Thursday, March 13, 2008

Does Obama benefit from an active primary campaign?

I decided to look at something relatively basic tonight that I should have looked at a long time ago. Do the Democratic candidates fare better in the polls in the states in which there has been an active primary campaign?

It turns out that the answer appears to be yes for one of the candidates.

Consider the following:

In Ohio, where there has been a primary campaign, Barack Obama leads McCain by 2.6 points in our weighted average of polls. In Pennsylvania, where there hasn't yet been a campaign, Obama trails McCain by 1.3 points.

In Washington, where there has been a primary campaign, Obama leads McCain by 9.7 points. In Oregon, where there hasn't been a campaign, Obama leads McCain by 6.3 points.

In North Dakota, where there has been a campaign, Obama led McCain by 4 points in the only poll. In South Dakota, where there hasn't yet been a campaign, he trails McCain by an average of 6.6 points.

In Tennessee, where there has been a campaign, Obama trails McCain by 15.4 points. In Kentucky, where there hasn't been a campaign, he trails McCain by 23.3 points.
These numbers -- apples-to-apples comparisons of apparently similar states -- seem to lead to the conclusion that Obama might benefit from having had the opportunity to campaign in a state, perhaps on the order of about 5 points in his general election polls. And if we plop a 'campaign' dummy variable into our regression analysis -- which is set to '1' in every state that has voted in a primary or caucus so far, and '0' in the ten states (including Florida and Michigan) that haven't, it turns out to be highly statistically significant:

Variable    Coef.   St. Err. t-score P>|t|
Campaign 5.70 2.11 2.70 0.010
Kerry 0.43 0.65 6.65 0.000
Baptist -0.53 0.12 -4.36 0.000
AfAm 0.21 0.14 1.49 0.144
$_Obama 8.29 2.19 3.78 0.000
$_Clinton -6.38 1.96 -3.25 0.002
$_McCain -6.77 3.50 -1.94 0.059

Constant 2.68 2.31 1.16 0.252
OK -- so I know that you didn't come here to read regression output. But what that is saying is that Obama is polling about 5.7 points better in states that have participated in the primary process so far, all else being equal. And it's saying that this finding is highly unlikely (around 1000-to-1 against) to be the result of chance alone. This is a robust finding too. If you remove other variables that might be related to the presence of a campaign -- the fundraising numbers, for instance -- the campaign variable continues to show up at about the same level of significance.

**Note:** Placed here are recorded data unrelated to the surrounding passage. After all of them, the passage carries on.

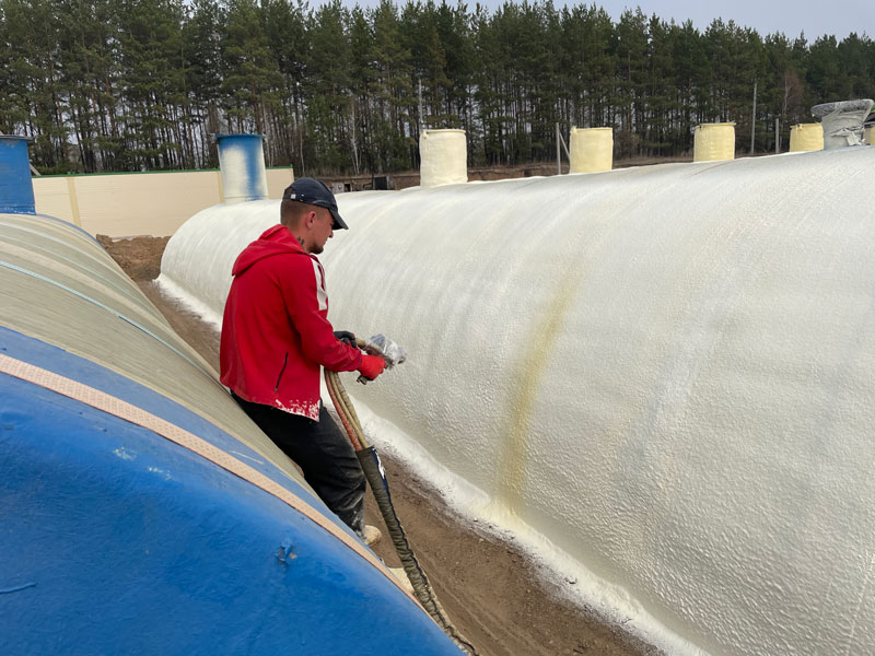 Напыление обеспечивает дополнительную гидроизоляцию.
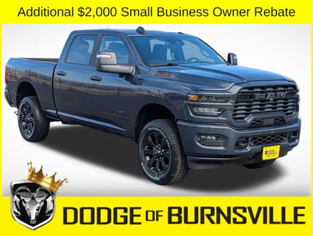 As the premier Dodge and Ram dealership in the Burnsville, Minnesota area, Dodge of Burnsville takes pride in finding the vehicle that best suits your lifestyle. Nobody sells or stocks more Ram vehicles than the King of Ram! Come into our Burnsville, Minnesota dealership today to see our unbeatable prices on everything from a new Ram 1500 to an affordable pre-owned vehicle. Since Dodge of Burnsville's founding in 1983 by John Adamich, treating each customer as part of the King of Ram family has been our number one priority. Our emphasis on quality work and fair prices are why more people turn to the King of Ram than any other dealership in Minnesota for their Ram truck needs. * THIS VEHICLE IS EQUIPPED WITH A SAFETY AND SECURITY PACKAGE INCLUDING PULSE AND SYNCHRONIZE GPS (3- YEAR SUBSCRIPTION) FOR AN ADDITIONAL $998 ABOVE THE ADVERTISED PRICE. Sale Price includes: $1000 - 2026 National Bonus Cash . Exp. 04/30/2026
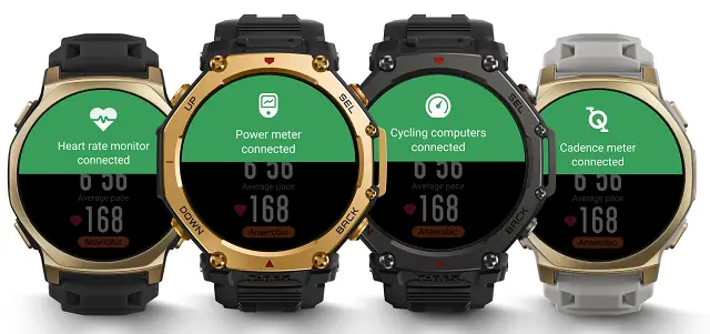 ที-เร็กซ์ 3 Pro ไม่ใช่แค่การอัพเกรดภายในเท่านั้น; นอกจากนี้ยังมีโครงสร้างที่ทนทานยิ่งขึ้นและจอแสดงผลที่สว่างยิ่งขึ้น. ยิ่งเล็ก. 44 รุ่น mm มีหน้าจอ AMOLED ขนาด 1.32 นิ้ว, ในขณะที่ใหญ่กว่า 48 รุ่น mm มีหน้าจอ AMOLED ขนาด 1.50 นิ้ว. ทั้งสองรุ่นมีความสว่างสูงสุดที่น่าประทับใจที่ 3,000 จู้จี้จุกจิก, a significant jump from the T-Rex 3’s 2,000 จู้จี้จุกจิก.
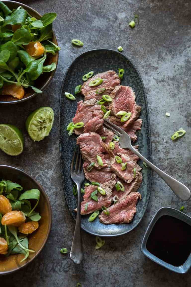 En omdat wij dudes, toch regelmatig niet zo op de calorietjes letten wanneer we de keuken inrennen voor wat lekkers, bewijzen we hier dat je met mooie ingrediënten snel een lekker, gezond en toch stoer gerecht op tafel kunt toveren. Hier het recept voor die salade waar je ook indruk mee maakt op je stoerste vrienden. De salade met tataki van diamanthaas. Tataki is een bereidingswijze van vlees of vis die je gloeiendheet dichtschroeit en daarna met zuur (citroen of azijn) besprenkelt om het vlees extra mals te maken.
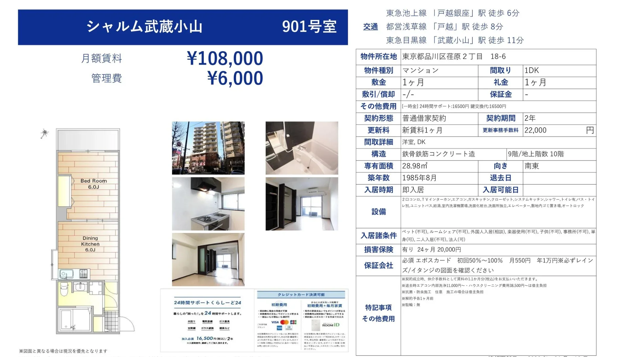 | 物件名 | シャルム武蔵小山 901号 |
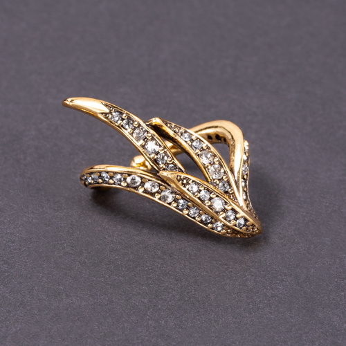 Lewa pozłacana nausznica w formie piór z kryształami

This pattern does not show up for Clinton. Her campaign variable is not statistically significant.

But this has been one of the big themes with Barack Obama this year: the more voters get a chance to know him, the more they seem to like him. That's how he improved his standing in essentially every state that has voted so far as time wore on; check out the pollster.com graphs for more detail.

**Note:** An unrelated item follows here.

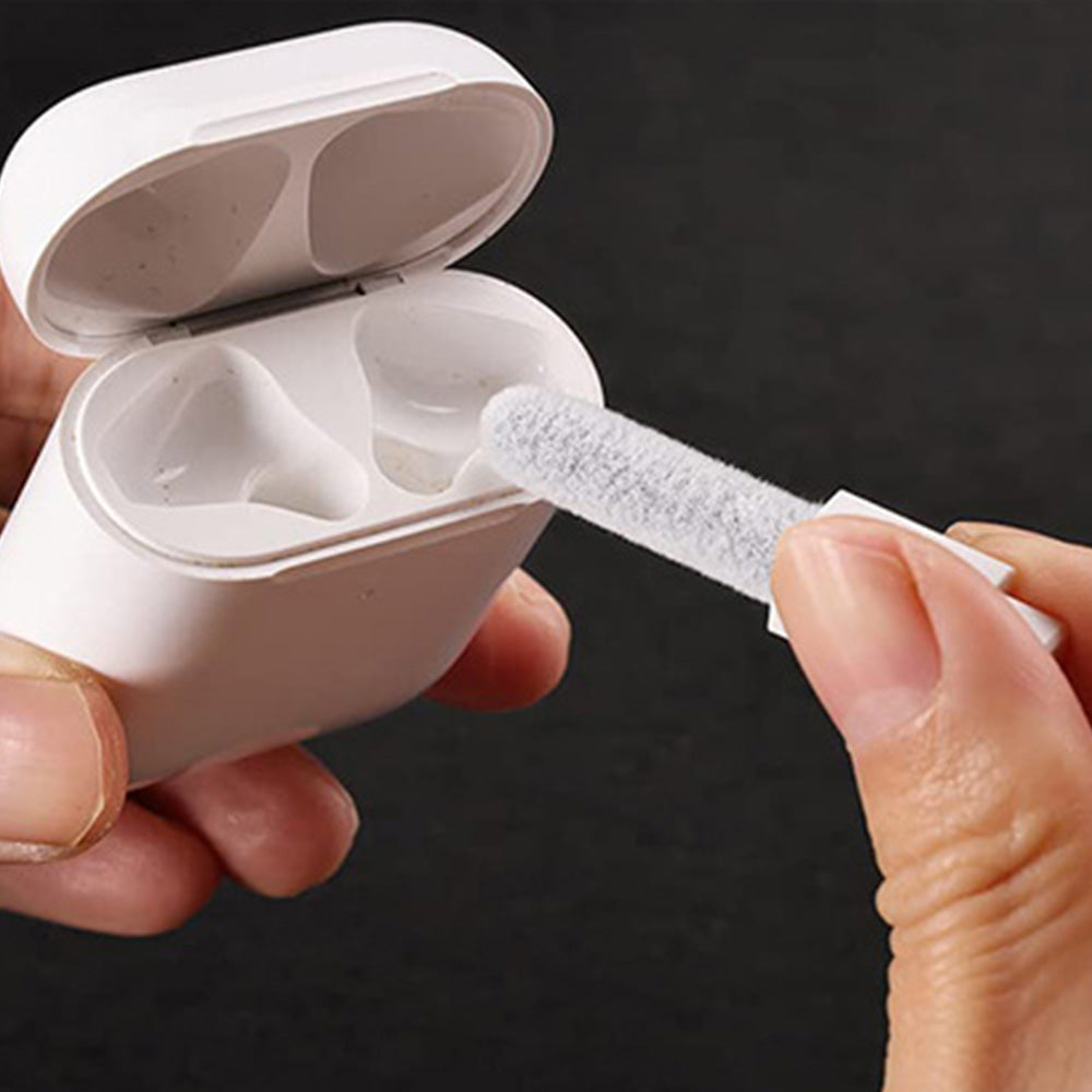 - The flocking sponge is an excellent tool for cleaning earbuds charging cases, And the earbud cleaning kit is ideal.

Now, there are two ways to interpret this data. Number one is that the states where Obama campaigned are still basking in his afterglow, and will eventually come back down to earth. That's the pessimistic interpretation. The optimistic interpretation is that these improvements in his poll standing are permanent, and that he can therefore expect to gain in general election polls in states like Pennsylvania, Indiana and North Carolina as the campaign wears on. If the optimistic interpretation is true, that means that both Florida and North Carolina should be highly competitive in the fall, and maybe Indiana too, and that that Obama can expect to move back ahead of McCain in the Pennsylvania polling averages.

7 comments

Rasmus said...

Hi,
I´ve got two questions:
1) Did you update your average numbers in the last 2 days and could you eventually put in the "last update time"?
I was so impressed by this site that I rebuilt your simulation (probably worse, but my numbers come close to yours) and I need to update my numbers with your new averages from time to time.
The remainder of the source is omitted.